Among the centerpieces of Transportation 2040, PSRC’s roadmap for the region’s commuting future, are $800 million worth of improvements to the Gorst chokepoint, the widening of State Routes 16 and 3, creation of a complex network of “rapid bus transit” routes and facilities, as well as that old favorite, fast-ferry service from pretty much every existing ferry terminal in Kitsap County.
The agency, which is composed of governmental leaders from cities and counties throughout the Puget Sound region, envisions the bulk of the financing for all of this coming from the federal government — meaning it comes out of your back pocket instead of your front, if that’s any comfort to you.
The remainder of the funding, PSRC is fuzzy on. But the preferred options seem to be tolling SR-3 and SR-16, or charging all drivers a tax based on the number of miles they drive.

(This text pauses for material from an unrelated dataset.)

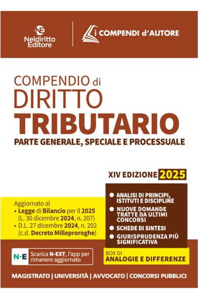 L’Edizione 2025 del Compendio di diritto tributario, NelDiritto Editore, è stata stravolta e riscritta in considerazione delle numerose novità normative intervenute, tra cui si segnalano:

Port Orchard Mayor Lary Coppola voted against the plan on the sensible theory that a transportation solution that built no new road surfaces and would require city residents to pay a toll every time they left town on existing roads that had already been paid for was a pretty crummy way to treat his constituents.
But even if you could clear the financing hurdles, Transportation 2040 would still be a bad idea because of its reliance on mass transit — despite conclusive evidence that almost no one gives up their car willingly.
As ever, PSRC’s utopian vision of people shoehorned into apartment buildings downtown and happily eschewing the freedom of driving their own cars in favor of the joy of bus travel bears little or no resemblance to reality.
Then again, social engineering masquerading as public policy seldom does.